___ Supplied information ___
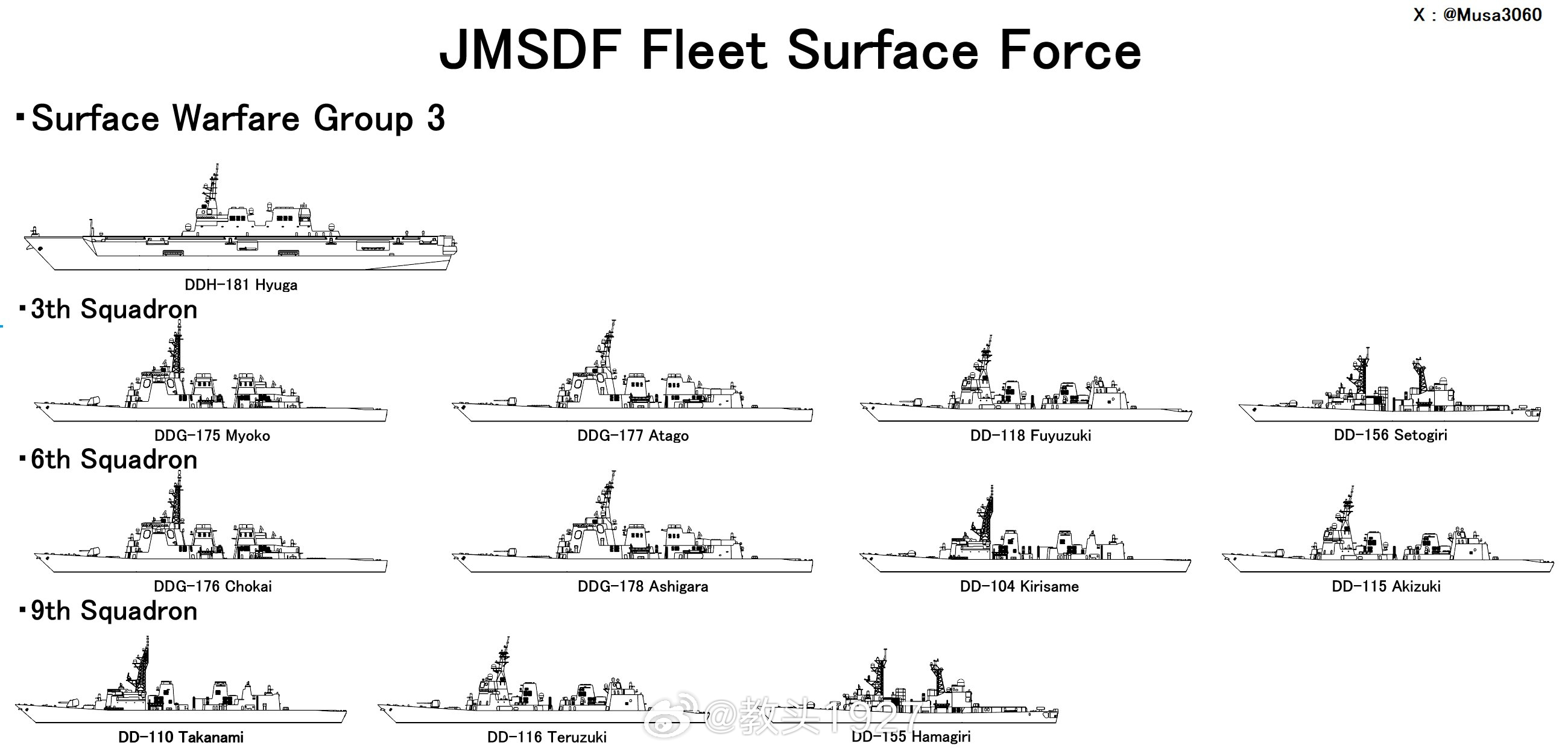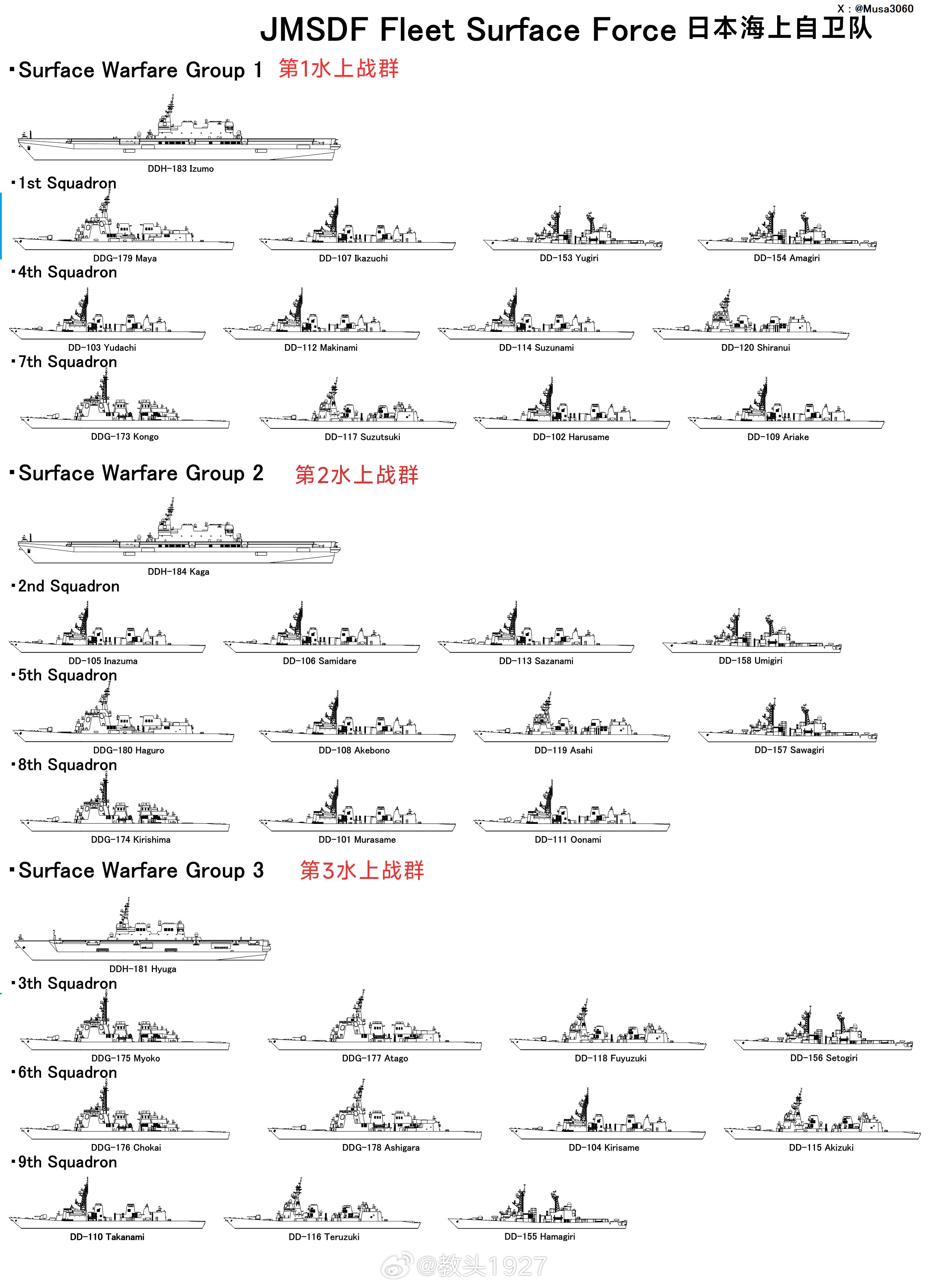 日本海上自卫队改编后的三大水上战群编制来自 𝕏中外舰闻
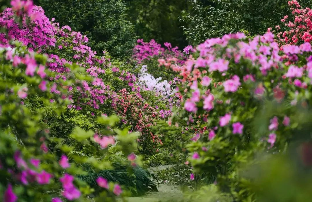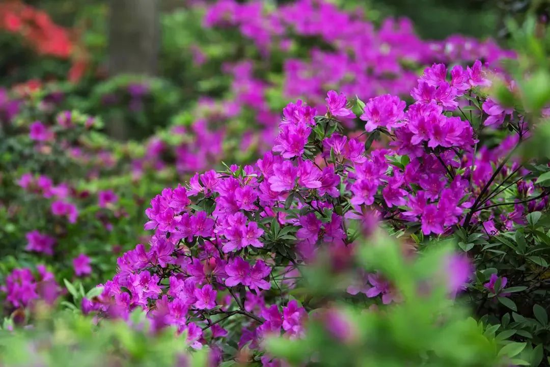 人间四月,山花烂漫,园内各处杜鹃簇拥枝头,织锦堆绣,漫山红遍,美不胜收。
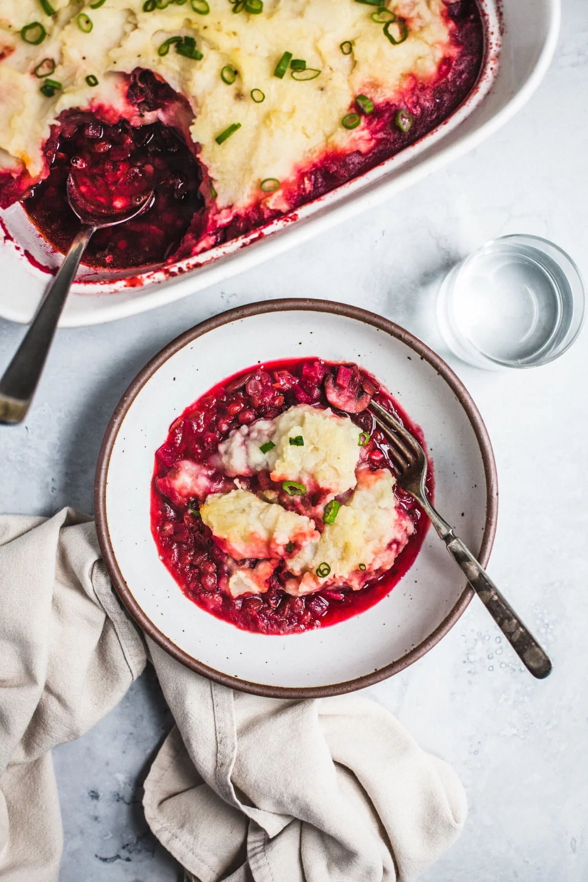 Beet Shepherd’s Pie with Balsamic, Lentils, and Mushrooms
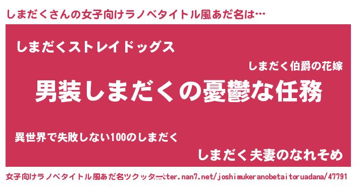 | 胡散臭い通販商品みたいなあだ名 | 『芸能人もオススメする高麗人参…その名も「しまだく」』 |
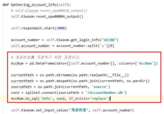 그리고 나서 다음으로 해야 하는 것으로는 이제, 계좌번호를 가지고 오는 것이 문제가 되었기 때문에, 다른 py파일로 가서 또 데이터 베이스를 만들어서 계좌번호를 저장하도록 합니다.
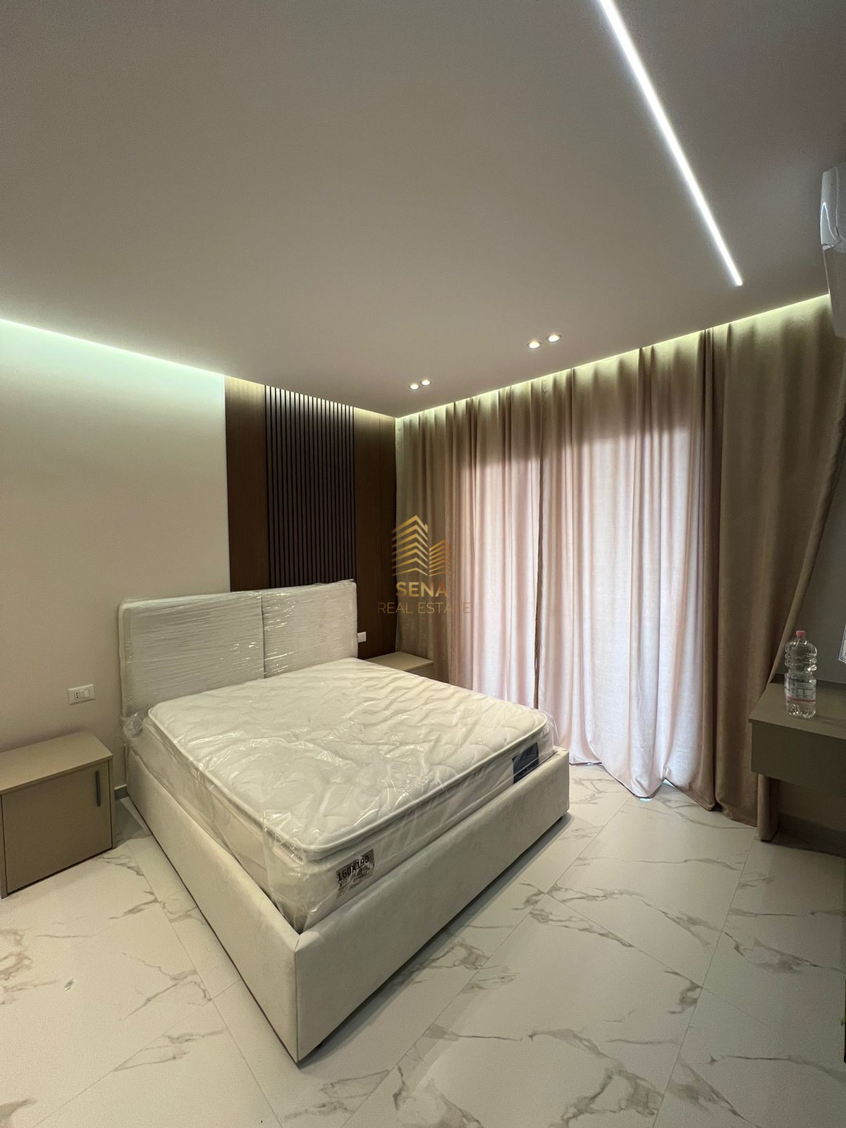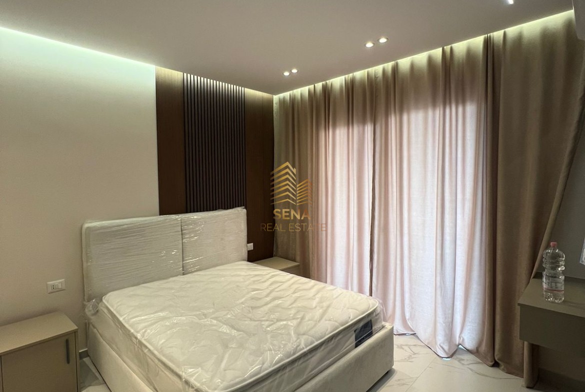 Dhoma e gjumit ofron komoditet maksimal me krevat dopio cilësor, komodina moderne dhe dalje në ballkon, duke siguruar ndriçim natyral dhe ajrim shumë të mirë. Punime dhe materiale cilësore, dysheme me efekt mermeri dhe çdo element i përzgjedhur me kujdes.
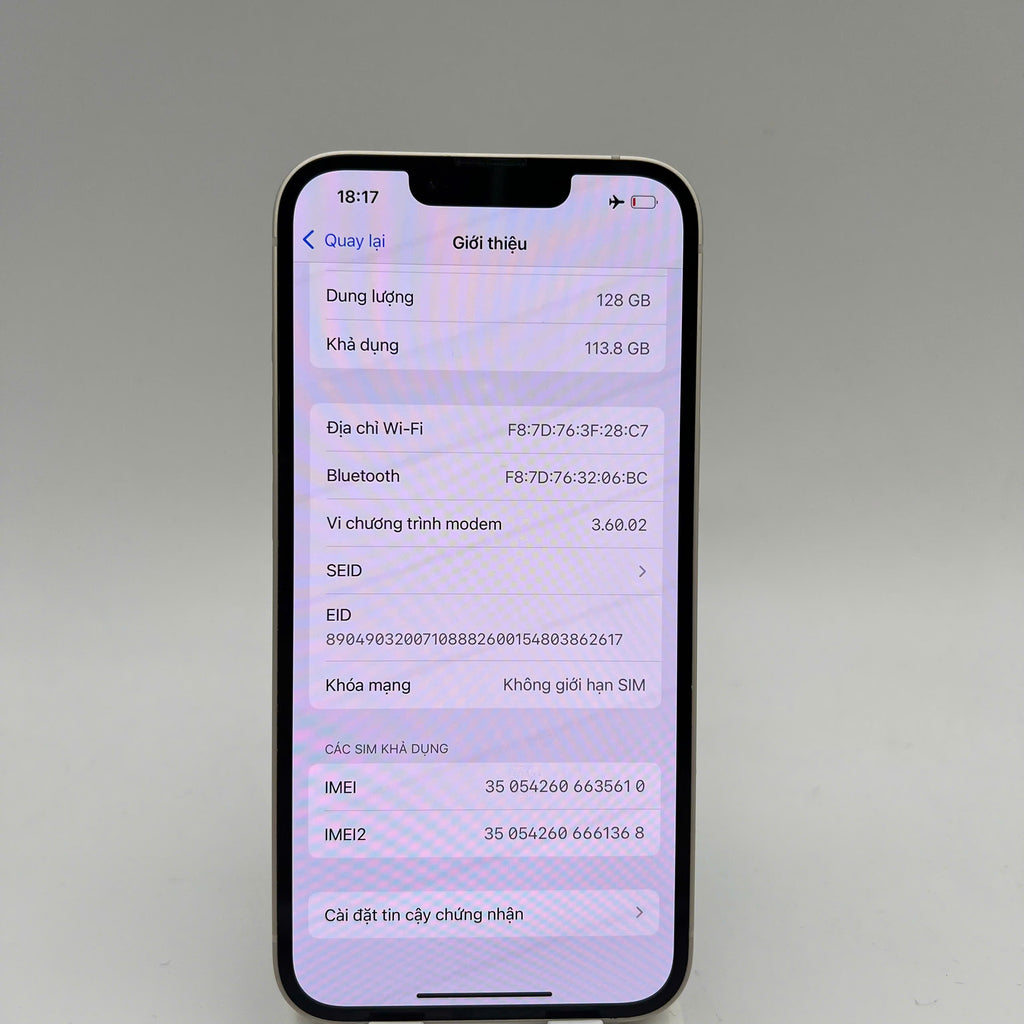 iPhone 14 128GB Trắng 98% pin 87% Quốc tế Apple - HH5610
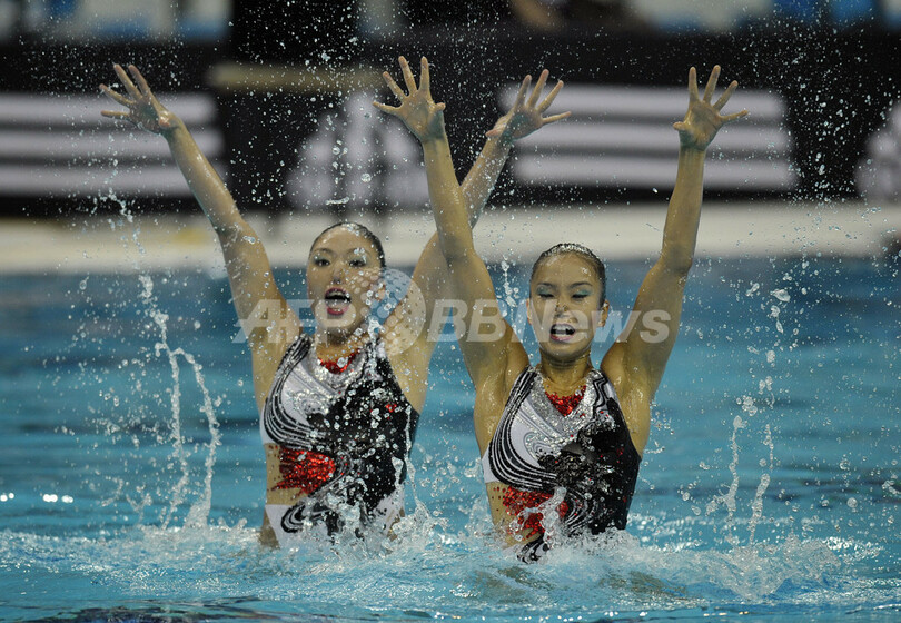 【4月19日 AFP】北京五輪シンクロナイズドスイミング最終予選(The Olympic Games Synchronized Swimming Qualification Tournament 2008)・デュエット、フリールーティン(FR)。テクニカルルーティーン(TR)で2位につけた日本の原田早穂(Saho Harada)/鈴木絵美子(Emiko Suzuki)組は、同種目で3位となる48.084点を記録し、合計96.001点でオープン参加の中国に次ぐ3位に入り五輪への出場権を獲得した。(c)AFP
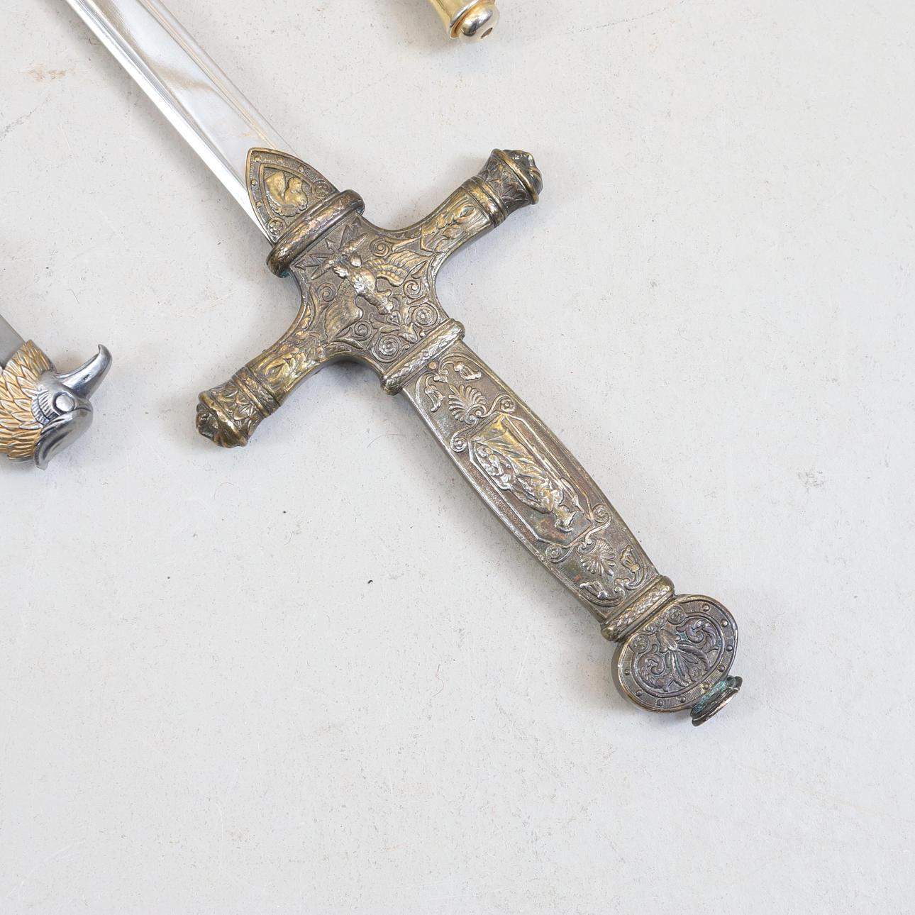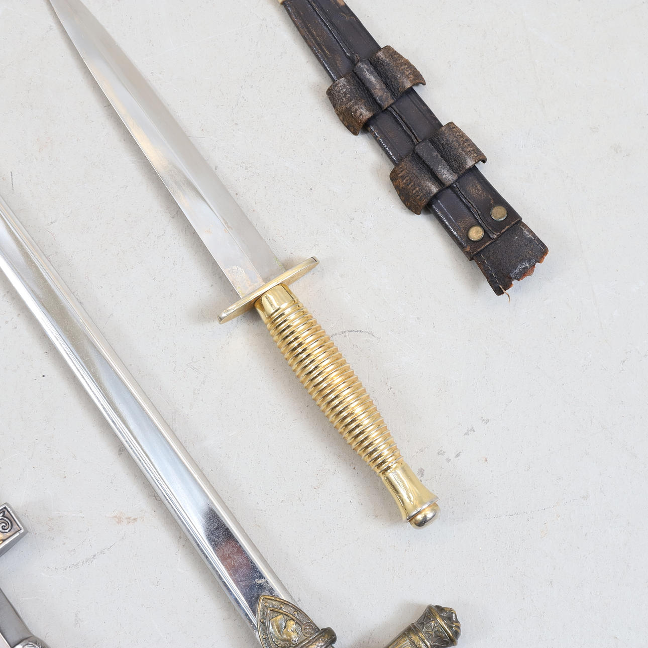 1 st Svärd, längd ca 86 cm. 1 st kniv, längd ca 31,5 cm (inkl slida). 1 st dolk, replika, Senatus Populusque Romanus, längd ca 34 cm (inkl slida).
___
◆ Exercise goal ◆
The records above must be retyped exactly. Please omit the pictures.

◆ Final answer ◆
 日本海上自卫队改编后的三大水上战群编制来自 𝕏中外舰闻
 人间四月,山花烂漫,园内各处杜鹃簇拥枝头,织锦堆绣,漫山红遍,美不胜收。
 Beet Shepherd’s Pie with Balsamic, Lentils, and Mushrooms
 | 胡散臭い通販商品みたいなあだ名 | 『芸能人もオススメする高麗人参…その名も「しまだく」』 |
 그리고 나서 다음으로 해야 하는 것으로는 이제, 계좌번호를 가지고 오는 것이 문제가 되었기 때문에, 다른 py파일로 가서 또 데이터 베이스를 만들어서 계좌번호를 저장하도록 합니다.
 Dhoma e gjumit ofron komoditet maksimal me krevat dopio cilësor, komodina moderne dhe dalje në ballkon, duke siguruar ndriçim natyral dhe ajrim shumë të mirë. Punime dhe materiale cilësore, dysheme me efekt mermeri dhe çdo element i përzgjedhur me kujdes.
 iPhone 14 128GB Trắng 98% pin 87% Quốc tế Apple - HH5610
 【4月19日 AFP】北京五輪シンクロナイズドスイミング最終予選(The Olympic Games Synchronized Swimming Qualification Tournament 2008)・デュエット、フリールーティン(FR)。テクニカルルーティーン(TR)で2位につけた日本の原田早穂(Saho Harada)/鈴木絵美子(Emiko Suzuki)組は、同種目で3位となる48.084点を記録し、合計96.001点でオープン参加の中国に次ぐ3位に入り五輪への出場権を獲得した。(c)AFP
 1 st Svärd, längd ca 86 cm. 1 st kniv, längd ca 31,5 cm (inkl slida). 1 st dolk, replika, Senatus Populusque Romanus, längd ca 34 cm (inkl slida).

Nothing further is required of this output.